Data formats: Apache Parquet vs ORC vs Avro

Why Parquet vs. ORC: An In-depth Comparison of File Formats | by Ankush Singh | Medium

Apache Parquet is a columnar storage file format available to any project in the Hadoop ecosystem. It’s designed for efficiency and performance, and it’s particularly well-suited for running complex queries on large datasets.

Parquet is an excellent choice when dealing with large, complex, and nested data structures, especially for read-heavy workloads or when you want to perform analytics using tools like Apache Spark or Apache Arrow. Its columnar storage approach makes it an excellent choice for data warehousing solutions where aggregation queries are common.

Parquet

Apache Parquet - Wikipedia

GitHub - apache/parquet-format: Apache Parquet Format


ORC is another popular file format in the Hadoop ecosystem. It’s a self-describing, type-aware columnar file format designed for Hadoop workloads.

ORC is commonly used in cases where high-speed writing is necessary, particularly with Hive-based frameworks. It also suits well when data modifications (updates and deletes) are needed in your use case because it supports ACID properties. Lastly, ORC is a good choice when using complex and nested data types.
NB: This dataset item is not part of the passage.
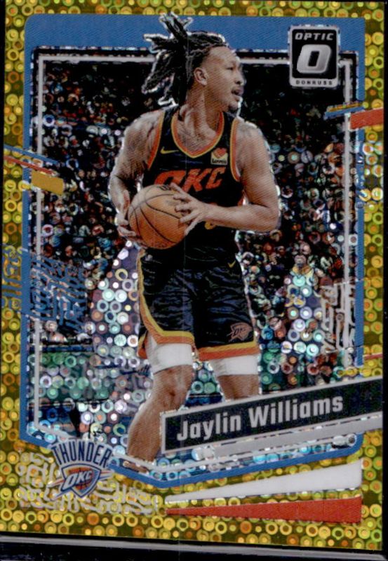 The Jaylin Williams 2023 Optic #150 Fast Break Gold /10 card is 1 of 55 Jaylin Williams' card variations in the 2023 Optic set being tracked by Sports Card Investor, including Base, Blue Velocity, Checkerboard, Choice Red & Green, and Fast Break.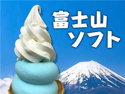 富士山の形をしたソフトクリーム。カップもできます。間近に見える大きな富士山と一緒に記念写真も一枚いかがですか?

while Parquet is a columnar data format, for "row" level storage is is often used "Avro", that besides efficiently storing data in binary format also includes a data schema.

Apache Avro - Wikipedia

Avro is a row-oriented remote procedure call and data serialization framework developed within Apache's Hadoop project. It uses JSON for defining data types and protocols, and serializes data in a compact binary format. Its primary use is in Apache Hadoop, where it can provide both a serialization format for persistent data, and a wire format for communication between Hadoop nodes, and from client programs to the Hadoop services. Avro uses a schema to structure the data that is being encoded.


Avro relies on schemas. When Avro data is read, the schema used when writing it is always present. This permits each datum to be written with no per-value overheads, making serialization both fast and small. This also facilitates use with dynamic, scripting languages, since data, together with its schema, is fully self-describing.